We talked a lot more, sitting in the afternoon sunshine. He told the story, again, of how his grandfather was the first in the family to come here, but his father, who got a pharmacy degree at a California university, went back to Hong Kong in disgust when he discovered that he couldn’t get a job anywhere in Vancouver because he was Chinese. Bing’s mother eventually moved back to Vancouver with the children, but his father refused to join them. “I think my family was the original astronaut family,” he joked.

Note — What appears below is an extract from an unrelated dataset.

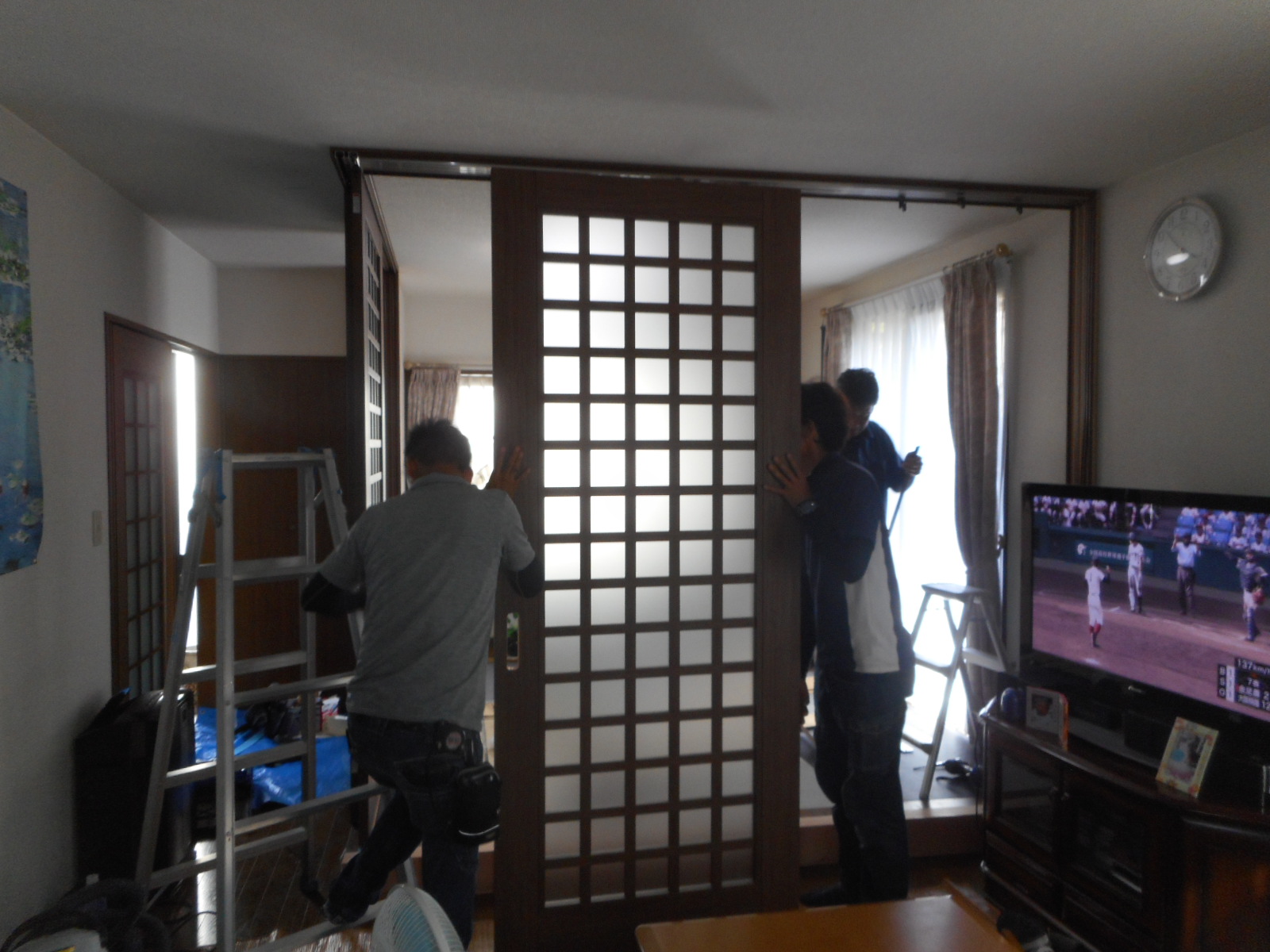 | 枠を取付けています!! | 建具を組み入れます!! |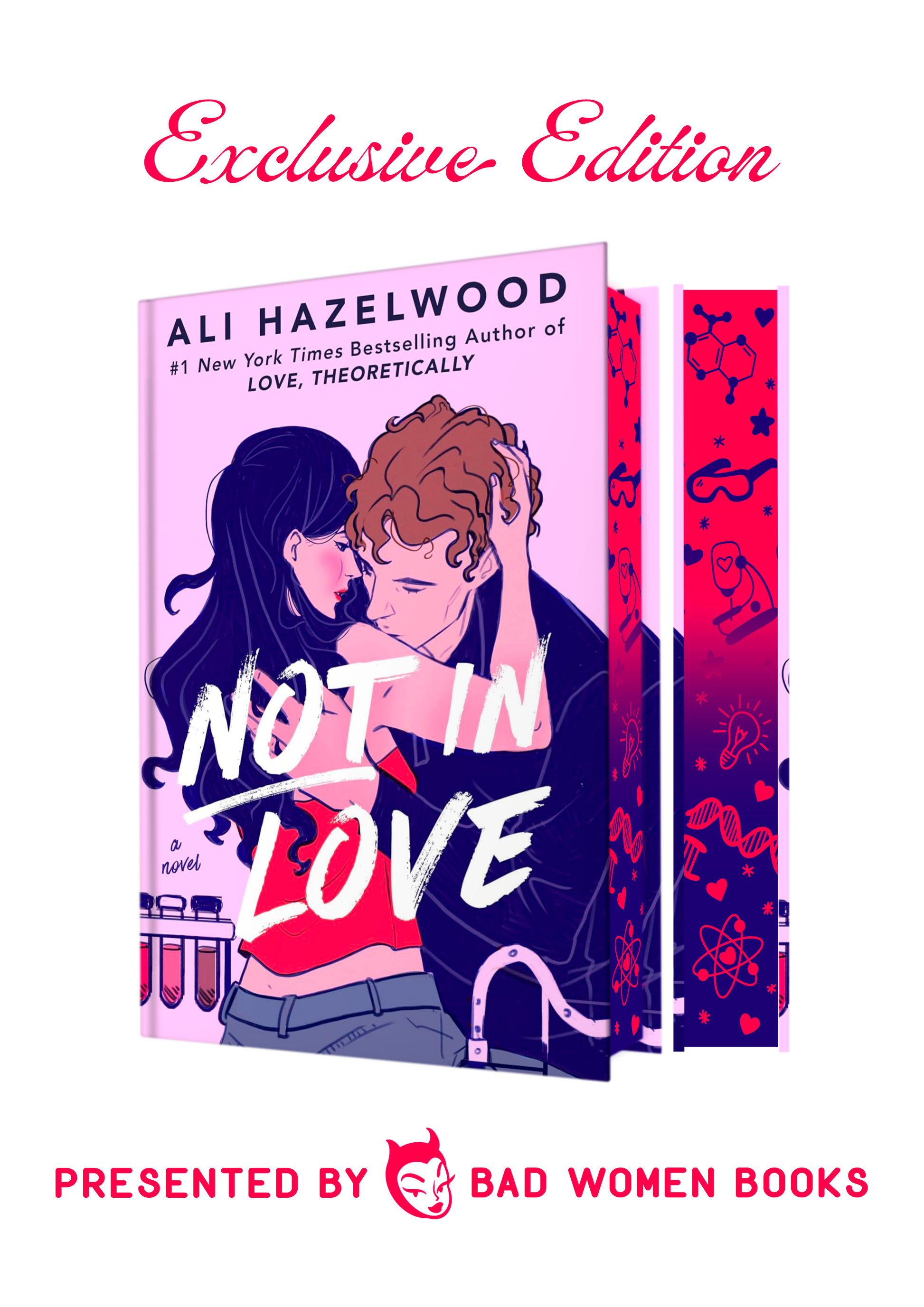 We’re so happy to present our Exclusive Edition of “Not in Love” by Ali Hazelwood. This hardcover edition includes custom printed edges.

I had already started talking to mainland Chinese families for a big feature I was working on (published later that year, in August) and he was curious about that. He had his own stories about some of the changes happening because of the mainland Chinese wave of immigration.

He talked about a terrific new restaurant in the city run by a woman from northern China. But only people from northern China were going to it at that point.

He told a story about how new immigrants do things that Canadians see as unacceptable, but those immigrants don’t even know it’s unacceptable.

He knew of a local family that had sold a house to a new immigrant family from China.

Then the new family couldn’t close right away, so they asked if they could rent. Then the new family started ripping out the kitchen in the house and moving it to the garage. Then they sublet the house to someone else. When the seller family found out about all this, they were horrified. Bing pondered that, musing aloud about how the family from China saw what they were doing as completely reasonable.

“Under the Chinese system, everything was state-controlled. And then there was private life. They were very separate. But here there’s mutual supervision. Everybody is in the middle ground between state and private.” This is a society that operates on a system of informal civil control, which people from Communist China aren’t used to.

It was so like him to take one story he heard from a friend and then start thinking aloud about how Canadian society operates compared to Chinese society. And then to share that on a sunny afternoon with a reporter, as part of his mission to be a bridge and translator for Vancouver’s many different groups.

I’ll miss all the buildings that he’ll never build now. But I’ll miss those conversations, where he would look at young workers strolling by in the sunshine or tell a story about a new immigrant family and then think aloud about what that all meant, even more.